[Extracted data entries]
◆ ◆ ◆ ◆

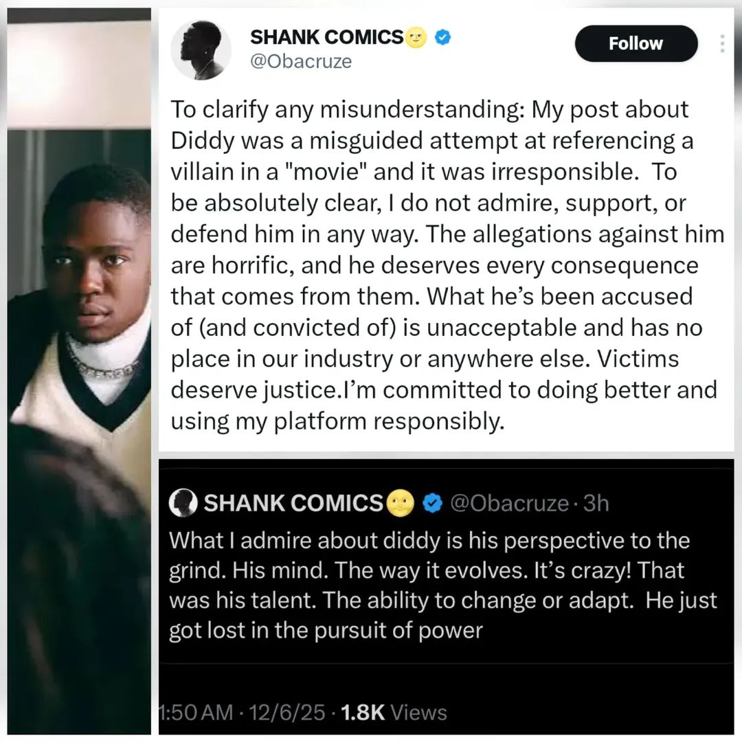 Skitmaker Shank Comics (Adesokan Adedeji Emmanuel) says his post was irresponsible and wrong. He apologised after an old tweet about Diddy resurfaced online.
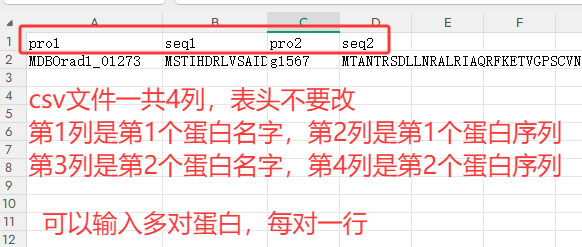 跟单个蛋白的结构预测不同,这里要预测的是两个蛋白的相互作用,因此我们的输入文件修改为一个csv文件,文件的格式如下:
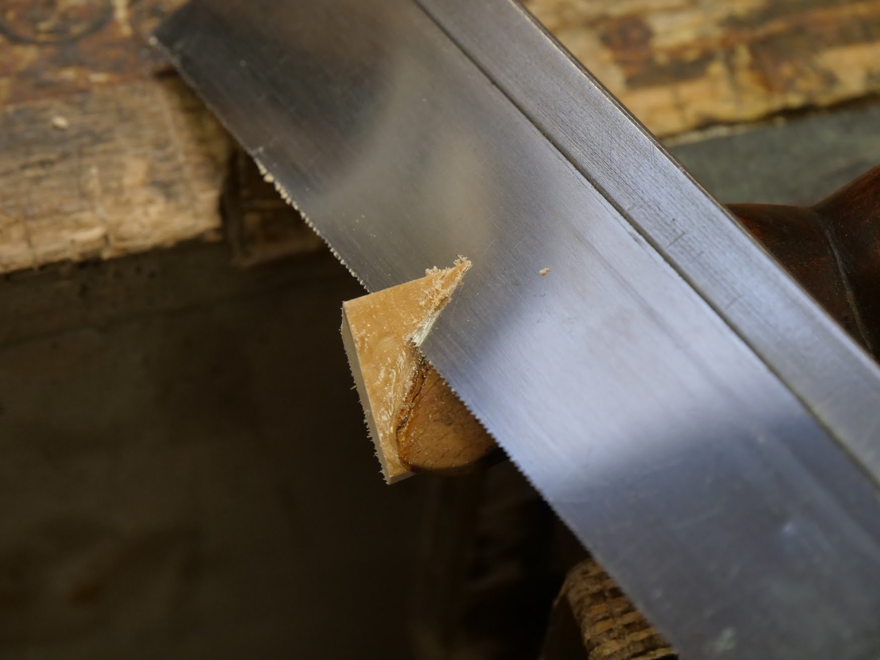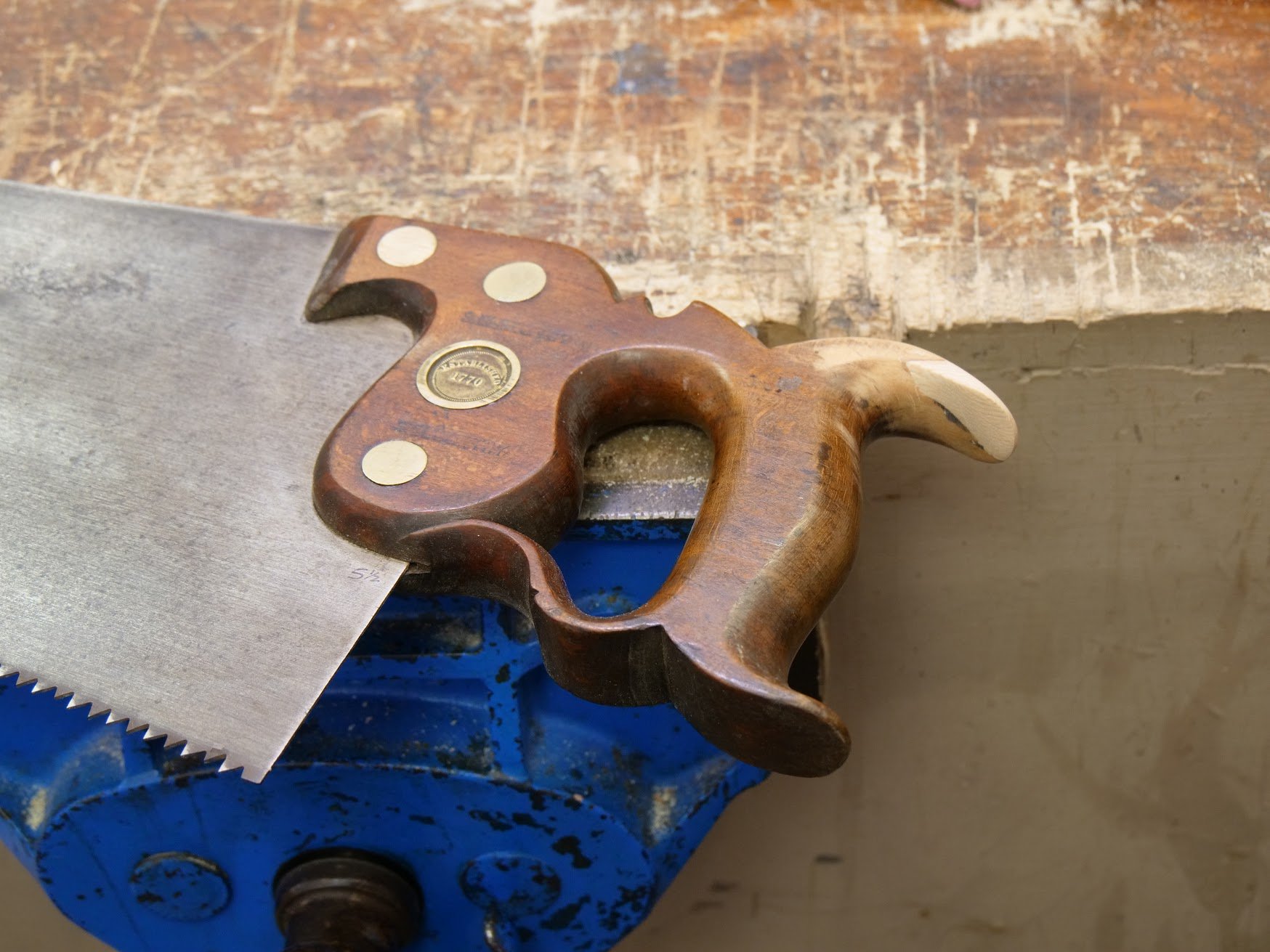 The saw handle on my R Groves rip had been damaged and poorly repaired. It happens and it's not uncommon at all to find a saw horn damaged. The repair popped off at some time and I have put off the repair proper until I found the right time; that's something I rarely do because I like solutions in time not late. I have been packing away my tools, categorising them, archiving some, destining some for repair and keeping primary users close to my right hand. My Groves always take priority.
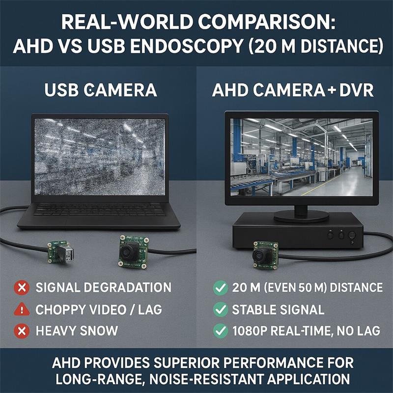 Reliability (AHD > USB): A USB signal severely degrades and lags after 5 meters. AHD maintains 1080P zero-latency up to 100 meters and is extremely resistant to interference in an industrial environment.
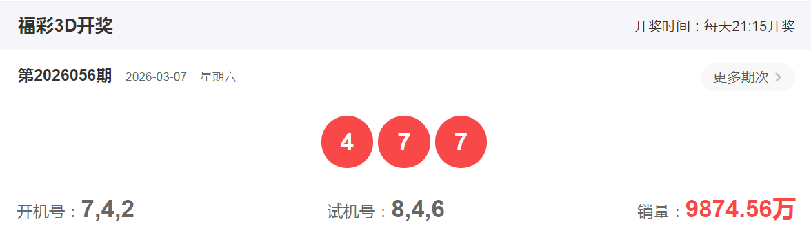 福彩3D2026年3月7日第056期开奖号码是477,组三形态,跨度3,和值18,全1路,小大大,偶奇奇
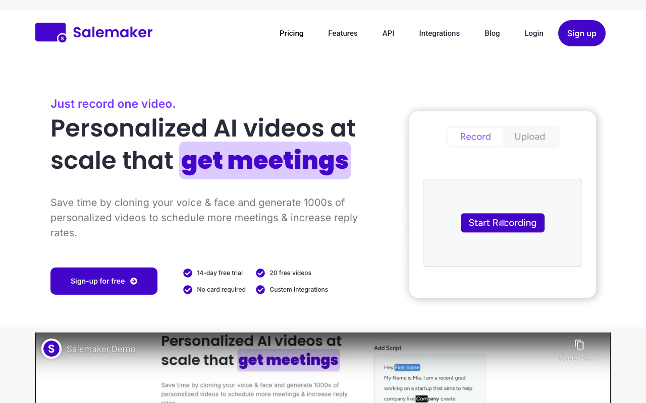 Salemaker te ayuda a automatizar el envío de videos tipo Loom, pero con personalización real para cada lead. La idea es simple: grabas un solo video de presentación, y luego el sistema genera miles de variaciones usando tu voz y sincronizando tu cara, para que cada destinatario reciba un mensaje que se siente hecho a mano.
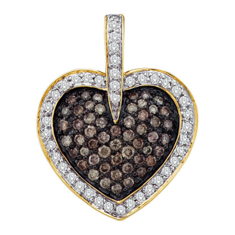 REF-115M9A ---- 1 CTW Cognac-brown Colored Diamond Heart Cluster Valentines Pendant 14K Yellow Gold - SKU: GD48484
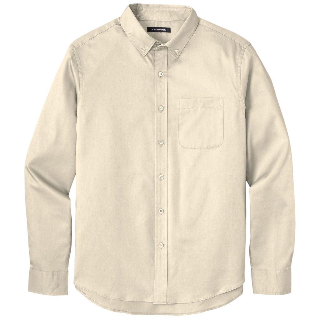 Port Authority Men's Ecru Long Sleeve SuperPro React Twill Shirt
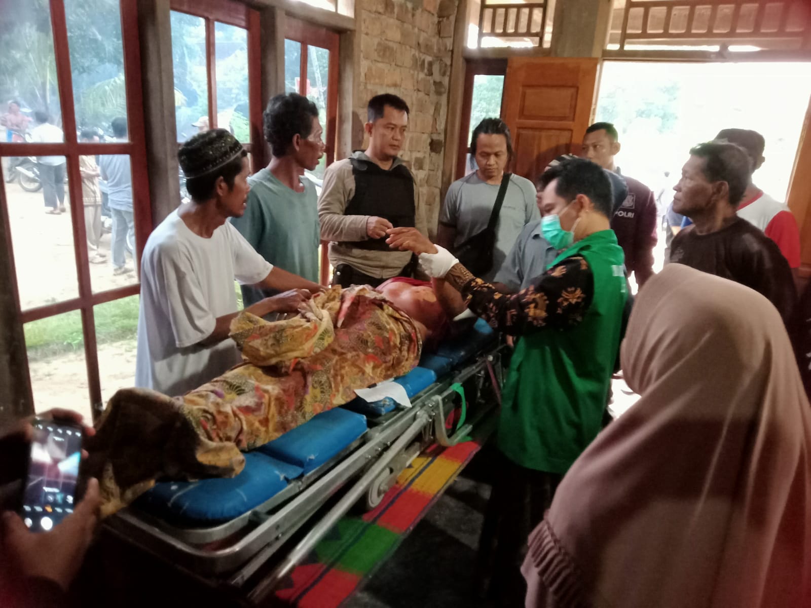 Korban bernama Jazni (44) warga kampung Pisang Indah ditemukan warga setempat telah bersimbah darah di tengah jalan dalam kondisi meninggal dunia.
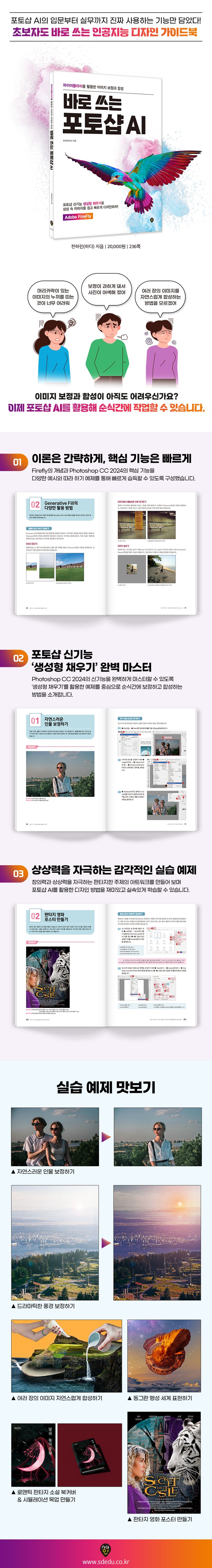 현직 디자이너인 저자가 ‘실무에서 진짜 사용하는 기능’만을 담았으며, 기존의 그래픽 매뉴얼 도서와 다르게 지루할 수 있는 메뉴 설명보다 예제를 중심으로 책을 구성하였다. 콜라주 배경화면 만들기, 로맨틱 판타지 소설 북커버 만들기, 판타지 영화 포스터 만들기 등 상상력을 자극하는 다양한 주제의 예제를 따라 하며 새로워진 포토샵의 핵심 기능을 학습할 수 있다.

◆ ◆ ◆ ◆

Repeat each entry precisely as it appears. Leave the pictures out.

 Skitmaker Shank Comics (Adesokan Adedeji Emmanuel) says his post was irresponsible and wrong. He apologised after an old tweet about Diddy resurfaced online.
 跟单个蛋白的结构预测不同,这里要预测的是两个蛋白的相互作用,因此我们的输入文件修改为一个csv文件,文件的格式如下:
 The saw handle on my R Groves rip had been damaged and poorly repaired. It happens and it's not uncommon at all to find a saw horn damaged. The repair popped off at some time and I have put off the repair proper until I found the right time; that's something I rarely do because I like solutions in time not late. I have been packing away my tools, categorising them, archiving some, destining some for repair and keeping primary users close to my right hand. My Groves always take priority.
 Reliability (AHD > USB): A USB signal severely degrades and lags after 5 meters. AHD maintains 1080P zero-latency up to 100 meters and is extremely resistant to interference in an industrial environment.
 福彩3D2026年3月7日第056期开奖号码是477,组三形态,跨度3,和值18,全1路,小大大,偶奇奇
 Salemaker te ayuda a automatizar el envío de videos tipo Loom, pero con personalización real para cada lead. La idea es simple: grabas un solo video de presentación, y luego el sistema genera miles de variaciones usando tu voz y sincronizando tu cara, para que cada destinatario reciba un mensaje que se siente hecho a mano.
 REF-115M9A ---- 1 CTW Cognac-brown Colored Diamond Heart Cluster Valentines Pendant 14K Yellow Gold - SKU: GD48484
 Port Authority Men's Ecru Long Sleeve SuperPro React Twill Shirt
 Korban bernama Jazni (44) warga kampung Pisang Indah ditemukan warga setempat telah bersimbah darah di tengah jalan dalam kondisi meninggal dunia.
 현직 디자이너인 저자가 ‘실무에서 진짜 사용하는 기능’만을 담았으며, 기존의 그래픽 매뉴얼 도서와 다르게 지루할 수 있는 메뉴 설명보다 예제를 중심으로 책을 구성하였다. 콜라주 배경화면 만들기, 로맨틱 판타지 소설 북커버 만들기, 판타지 영화 포스터 만들기 등 상상력을 자극하는 다양한 주제의 예제를 따라 하며 새로워진 포토샵의 핵심 기능을 학습할 수 있다.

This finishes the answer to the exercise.